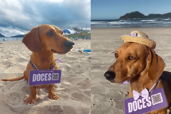 A história da salsichinha vendedora ganhou destaque após compartilhada em um perfil popular nas redes sociais, mostrando como ela se tornou uma atração na praia, atraindo clientes para os doces e proporcionando momentos de alegria para quem cruza seu caminho.
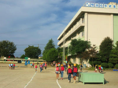 武里小では、校門を入った児童が昇降口に向かうときに、校庭の中を通過していきます。
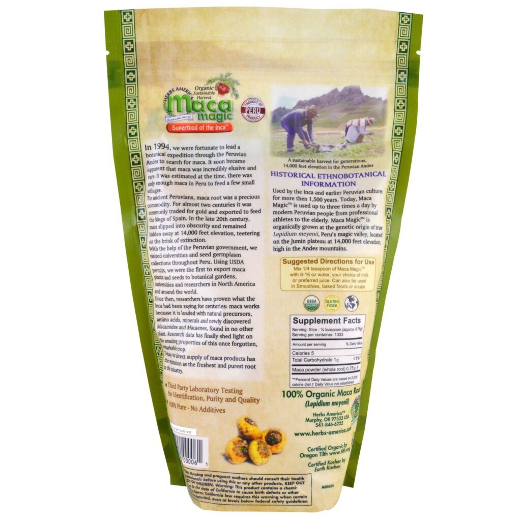 Usada pelos Incas e culturas peruanas anteriores por mais de 1.500 anos. Hoje, o Maca Magic é usado até três vezes ao dia pelos peruanos modernos, de atletas profissionais a idosos. O Maca Magic é cultivado organicamente, na origem genética do verdadeiro Lepidium meyenii, no vale mágico do Peru, localizado no planalto de Jumin, a 14.000 pés de altitude, nas montanhas dos Andes.

§ WORK TO COMPLETE: Beginning with the line that contains "武里小では、校門を入った児童", repeat every remaining line of the data exactly, the last line included, and omit pictures.

§ SOLUTION TO THIS TASK:
 武里小では、校門を入った児童が昇降口に向かうときに、校庭の中を通過していきます。
 Usada pelos Incas e culturas peruanas anteriores por mais de 1.500 anos. Hoje, o Maca Magic é usado até três vezes ao dia pelos peruanos modernos, de atletas profissionais a idosos. O Maca Magic é cultivado organicamente, na origem genética do verdadeiro Lepidium meyenii, no vale mágico do Peru, localizado no planalto de Jumin, a 14.000 pés de altitude, nas montanhas dos Andes.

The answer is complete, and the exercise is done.